English Wines Are Here to Stay

Vineyards in England go back as far as the Romans. In the second century AD permission for grape-growing and wine-making outside of Rome was granted. Paul told us that there is evidence of wine production in the village during medieval times.

The climate was warmer during Roman times, and is warmer today than it was 20 years ago. This may explain the 170 wineries and over 600 vineyards in England.

“English wine performs better every year on the international stage,” Paul said proudly. And he should know all about what’s trending. When we visited a’Beckett’s Vineyard, Paul had just completed three years as National Industry Chairman.

And what does Paul like to drink? “A good pint of IPA.” Spoken like a true Brit.

The Truth is in the Tasting

Before we left a’Beckett’s Vineyard, Paul showed us his wine shop located in a cleverly converted stable. There, visitors can purchase his delicious products. He generously sent us off with three of his award-winning wines to try.

The first cork we popped was on Paul’s luscious Pinot Noir, 2014, which earned him bronze medals in both the Decanter World Wine Awards and the UK Vineyards Association “Wine of the Year” competition 2014. This rich red was fresh and fruity with a minute bite of black pepper. The wine was pure decadence paired with our room picnic of fresh bakery bread and the last of our Livarot from France.

We saved the Chardonnay 2014 and the Rams Cliff Rosé 2014 to share with family a week later at their Lake District cottage.

Award Winning a'Beckett Vineyard Chardonnay (photo from the a'Beckett website)
Award Winning a’Beckett Vineyard Chardonnay (photo from the a’Beckett website)

The Chardonnay took home bronze medals at the UK Vineyards Association “Wine of the Year” competition 2014, the English and Welsh Wine of the Year Awards and the Wessex Wine of the Year awards.
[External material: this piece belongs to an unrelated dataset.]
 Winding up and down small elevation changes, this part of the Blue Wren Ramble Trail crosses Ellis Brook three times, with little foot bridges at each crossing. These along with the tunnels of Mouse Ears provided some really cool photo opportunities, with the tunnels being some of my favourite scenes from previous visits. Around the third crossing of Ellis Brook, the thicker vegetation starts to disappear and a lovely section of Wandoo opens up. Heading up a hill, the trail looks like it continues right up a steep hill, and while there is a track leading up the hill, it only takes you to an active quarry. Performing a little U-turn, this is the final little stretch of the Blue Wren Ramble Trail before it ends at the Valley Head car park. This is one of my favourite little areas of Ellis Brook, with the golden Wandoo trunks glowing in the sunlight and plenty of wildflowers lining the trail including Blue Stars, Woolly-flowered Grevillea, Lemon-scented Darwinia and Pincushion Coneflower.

This wine was a soft yellow, with a fragrance that reminded me of June honeysuckle in Tennessee, but not nearly as heavy. It was crisp with hints of lemon and peach, but I found the finish a little on the sharp side. To be fair, I drank so much Chardonnay in the 80’s and 90’s, it has been a challenge to make friends with it again.

Award Winning a'Beckett Vineyard Rose (photo from the a'Beckett website)
Award Winning a’Beckett Vineyard Rose (photo from the a’Beckett website)

The Rosé was a blend of Pinot Noir and Reichensteiner. It was light and refreshing with strawberry as it’s primary flavor. This wine won the Decanter World Wine Awards 2016 bronze medal, and the silver medal at the UK Vineyards Association “Wine of the Year” competition

According to my uneducated and unrefined taste buds, all three wines were winners in their own way, and I have no doubt a’Beckett’s Vineyard has wines to suit your individual tastes and preferences. So the next time you’re in England, give your palate a treat with English wine in general, and a’Beckett’s Vineyard’s wines, cider and apple juice in particular. Like me, you’ll be pleasantly surprised at what you find.

If you Go

a’Beckett’s Vineyard is located at High Street, Littleton Panell, approximately 4 miles south of Devizes on the A36.

Phone: 01380 816669

Hours for tastings, tours and sales: Wednesday – Saturday, 11 am – 4.30 pm

a’Beckett’s Vineyard wine, cider and apple juice can be purchased locally at Planks Farm Shop at Lydeway, or Edwin Giddings in Devizes. Products can also be ordered online in the U.K. and parts of Europe.

Disclaimer: We are most grateful to Visit Wiltshire, Littleton Lodge and ‘aBeckett’s Vineyard for their combined assistance in making our time in this beautiful, historic English county a true delight. However, all opinions, as always, are entirely my own.